In the Linux kernel, the following vulnerability has been resolved:

RDMA/core: Prevent divide-by-zero error triggered by the user

The user_entry_size is supplied by the user and later used as a
denominator to calculate number of entries.

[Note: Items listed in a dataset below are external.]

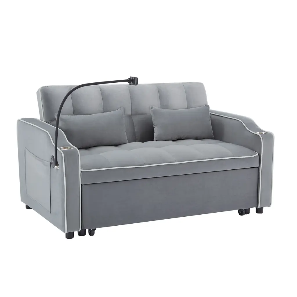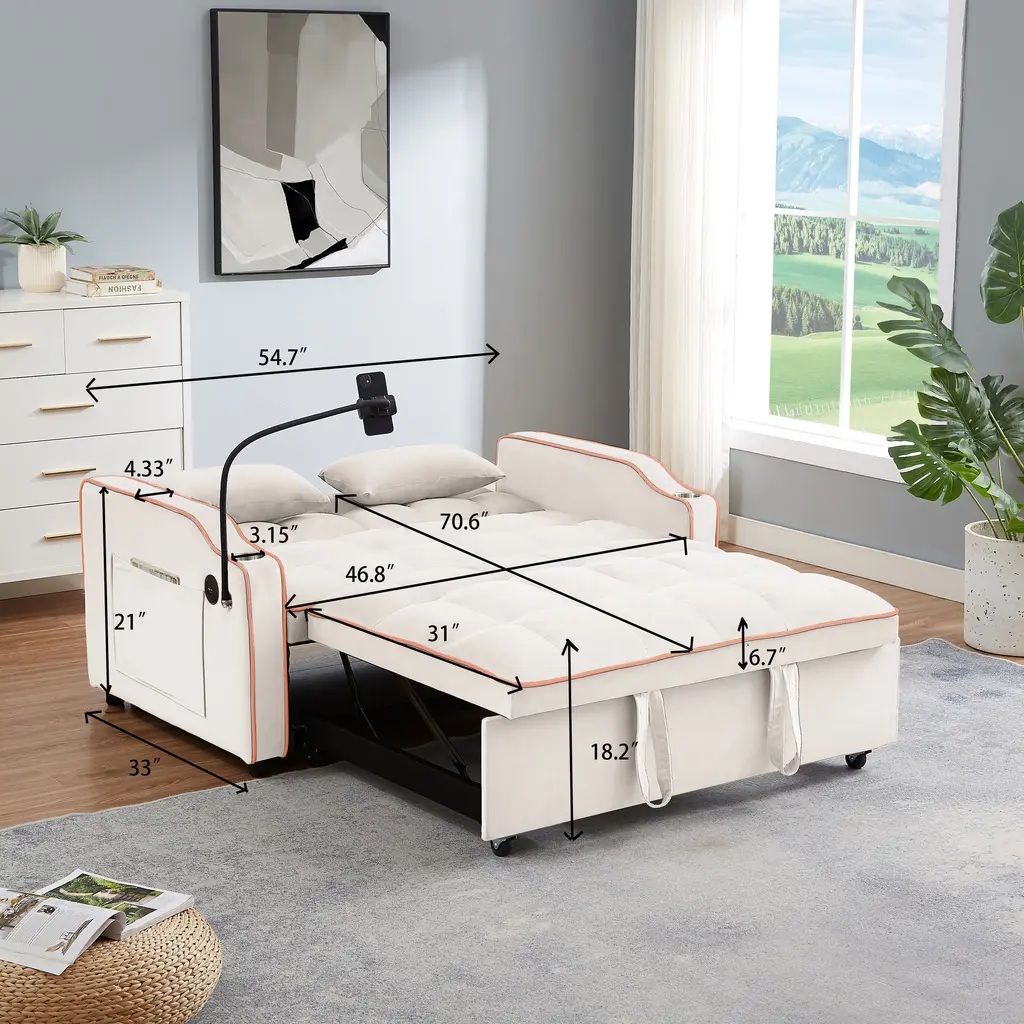 Modern 54" Loveseat Sofa With Pull-Out Bed & Adjustable Backrest, Convertible Loung Couch With Usb Charging And Phone Stand - Beige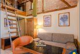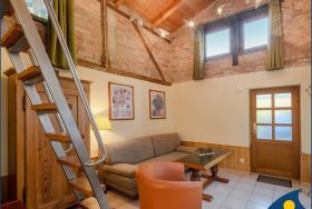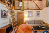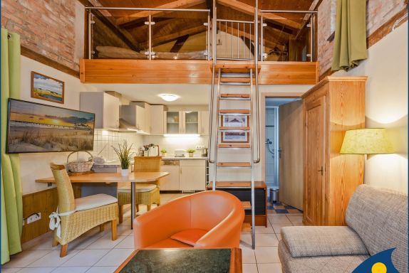 Die Wohnung 8 befindet in der ehemaligen ca. 28m² großen Remise der restaurierten Villa „Ernst“. Die Wohnung 8 besteht, bis auf ein separates Bad, aus einem einzigen Raum. Sie nimmt die gesamte Höhe, Breite und Länge der Remise ein. Die Deckenbalken liegen frei und die schönen Ziegelwände sind aufwändig rekonstruiert worden. Die Wohnung 8 verfügt über eine eingezogene Galerie mit einem Stahl-Glasgeländer auf der ein Doppelbett steht (1,40 m breit). Sie ist über eine solide holzbelegte Edelstahlleiter mit Handlauf erreichbar. Die Remise besitzt einen gemütlichen Charme und ist bei Paaren und Kindern wegen der Schlafgalerie sehr beliebt. Zu ebener Erde im Wohn-Schlafbereich befindet sich eine bequeme Schlafcouch. Die Wohnung 8 ist für 2 Personen ausgelegt. Die Wohnung 8 ist für körperbehinderte Personen nicht geeignet.
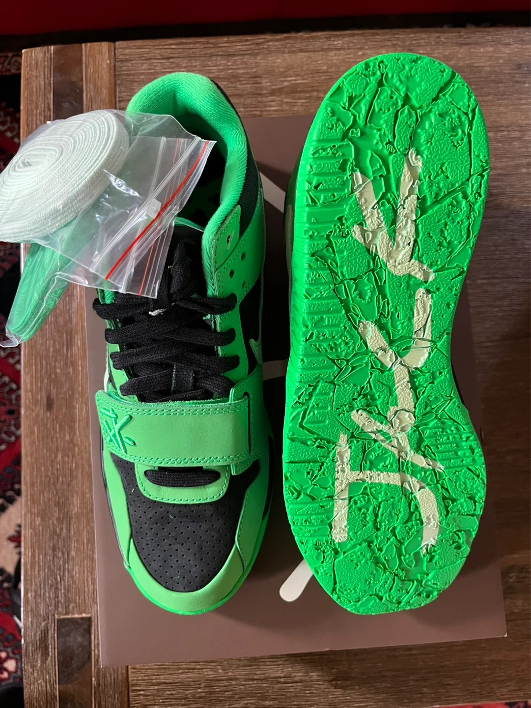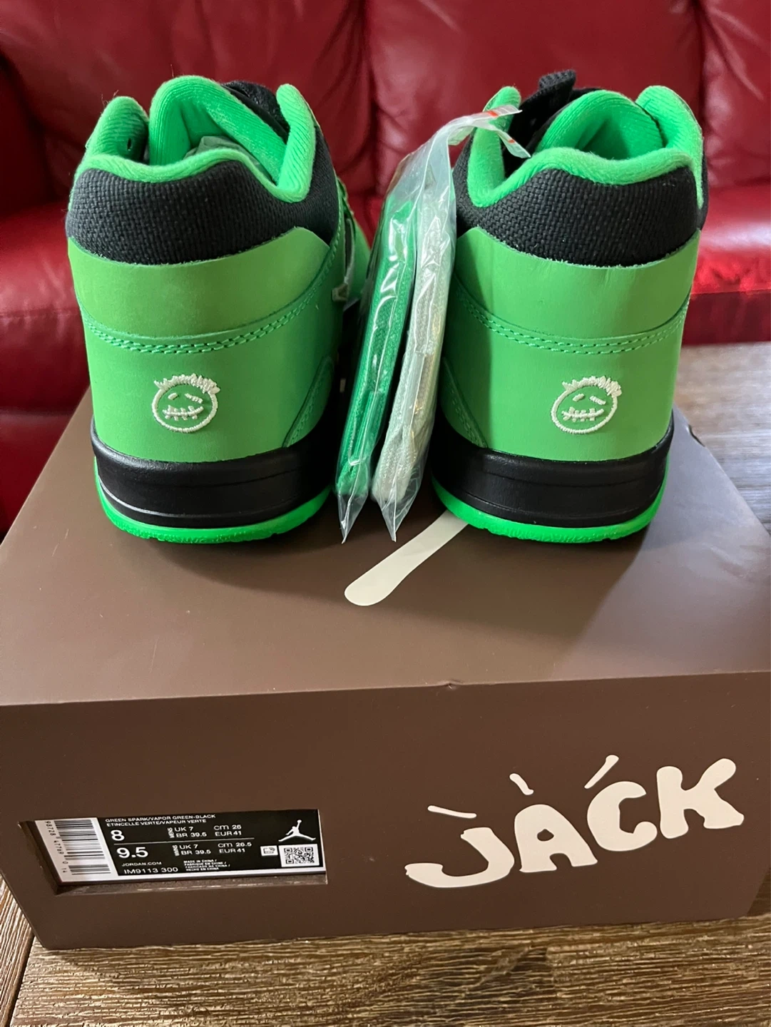 Fresh Jordan Travis Scott Jumpman Jack sneakers. New in box with original tissue paper and extra laces. Comes with both light green and dark green laces. The 'Jack' graphic on the shoes is known to wear off with use over time, just so you know. Super clean, never worn.

The zero supplied by the user
will trigger the following divide-by-zero error:

 divide error: 0000 [#1] SMP KASAN PTI
 CPU: 4 PID: 497 Comm: c_repro Not tainted 5.13.0-rc1+ #281
 Hardware name: QEMU Standard PC (i440FX + PIIX, 1996), BIOS rel-1.13.0-0-gf21b5a4aeb02-prebuilt.qemu.org 04/01/2014
 RIP: 0010:ib_uverbs_handler_UVERBS_METHOD_QUERY_GID_TABLE+0x1b1/0x510
 Code: 87 59 03 00 00 e8 9f ab 1e ff 48 8d bd a8 00 00 00 e8 d3 70 41 ff 44 0f b7 b5 a8 00 00 00 e8 86 ab 1e ff 31 d2 4c 89 f0 31 ff <49> f7 f5 48 89 d6 48 89 54 24 10 48 89 04 24 e8 1b ad 1e ff 48 8b
 RSP: 0018:ffff88810416f828 EFLAGS: 00010246
 RAX: 0000000000000008 RBX: 1ffff1102082df09 RCX: ffffffff82183f3d
 RDX: 0000000000000000 RSI: ffff888105f2da00 RDI: 0000000000000000
 RBP: ffff88810416fa98 R08: 0000000000000001 R09: ffffed102082df5f
 R10: ffff88810416faf7 R11: ffffed102082df5e R12: 0000000000000000
 R13: 0000000000000000 R14: 0000000000000008 R15: ffff88810416faf0
 FS:  00007f5715efa740(0000) GS:ffff88811a700000(0000) knlGS:0000000000000000
 CS:  0010 DS: 0000 ES: 0000 CR0: 0000000080050033
 CR2: 0000000020000840 CR3: 000000010c2e0001 CR4: 0000000000370ea0
 DR0: 0000000000000000 DR1: 0000000000000000 DR2: 0000000000000000
 DR3: 0000000000000000 DR6: 00000000fffe0ff0 DR7: 0000000000000400
 Call Trace:
  ? ib_uverbs_handler_UVERBS_METHOD_INFO_HANDLES+0x4b0/0x4b0
  ib_uverbs_cmd_verbs+0x1546/0x1940
  ib_uverbs_ioctl+0x186/0x240
  __x64_sys_ioctl+0x38a/0x1220
  do_syscall_64+0x3f/0x80
  entry_SYSCALL_64_after_hwframe+0x44/0xae

The Linux kernel CVE team has assigned CVE-2021-47080 to this issue.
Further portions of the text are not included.